◆ WHAT IS EXPECTED ◆
All pictures are to be excluded when the data below is output verbatim.

◆ PROVIDED DATA ◆
******

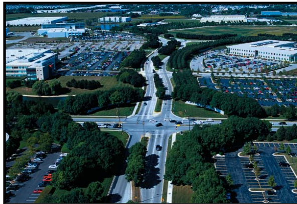
OPPORTUNITY 1 Green Gateway: possible to use on intersection of Hwy 21
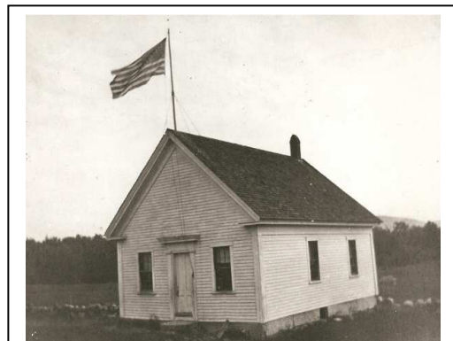
Hackett School House

As usual, we welcome any materials, whether manuscript or photo, that you would be willing to share with the archives. Many individuals have allowed us to photocopy both documents and photos from their own family or personal collections.
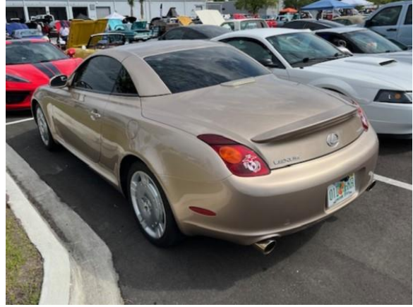
Joe Greeves' Lexus SC430

******

◆ RESULT OF THE EXERCISE ◆
OPPORTUNITY 1 Green Gateway: possible to use on intersection of Hwy 21
Hackett School House

As usual, we welcome any materials, whether manuscript or photo, that you would be willing to share with the archives. Many individuals have allowed us to photocopy both documents and photos from their own family or personal collections.
Joe Greeves' Lexus SC430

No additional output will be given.